A number of Lambeth residents will be delighted to learn that the new Coalition Government has announced a curb on property developers and the practice known as garden grabbing.
One of the least popular outcomes of the previous Labour Government's wholesale relaxation of planning legislation, the designation of ordinary homes with gardens as previously developed land and therefore in the same so-called 'brownfield' category that was originally meant to restore derelict industrial plots, meant that developers were able to exploit this loophole to build high-density blocks of flats on plots with modest homes that featured large gardens.

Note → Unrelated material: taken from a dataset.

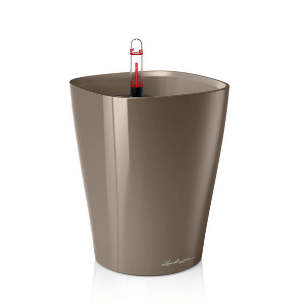 Вазон Lechuza Mini-Deltini складається із зовнішнього кашпо, знімного посадкового горщика, субстрату Lechuza-PON та індикатора рівня води. Підходить для маленьких рослин, таких як орхідеї, фіалки чи гербери.

Many critics felt that the resultant alien forms of high-density dwellings had destroyed the character of many streets outside of conservation areas as canny developers cherry-picked prime residential sites. In some areas this had a disastrous domino effect, as developers were able to buy-up blighted neighbouring properties to assemble even larger plots.
Developers were quickly attracted to garden grabbing rather than regenerating redundant old industrial sites because the land was often cheaper and they did not have extra costs of renovating Victorian factory structures or clearing contaminated sub-soils.
In a densely populated inner London area like Lambeth, green space is at a premium - and large swathes of North Lambeth actually have a deficit of green space even by the Council's own definition - so private gardens give some welcome relief to the built environment, provide small green pockets where a hugely diverse variety of flora and fauna flourish, counter and improve high pollution levels, and provide natural run-off areas for surface water.
If nothing else, the changes will allow a welcome respite in the current rush to build on almost any plot however unsuitable it may be and where proper facilities for rapid localised increases of population do not accompany such speculative development.
With greater powers now being given to local authorities to decide on local need and circumstances comes the hope that the natural environment also now figures in the housing equation.
If Labour Lambeth can also manage to let the disgraceful number of empty properties it has allowed to moulder or become squatted over the past four years to those on its shockingly high housing waiting list then, maybe, some of the pressure will be relieved to build ever higher density and largely unplanned homes in some of our leafier enclaves.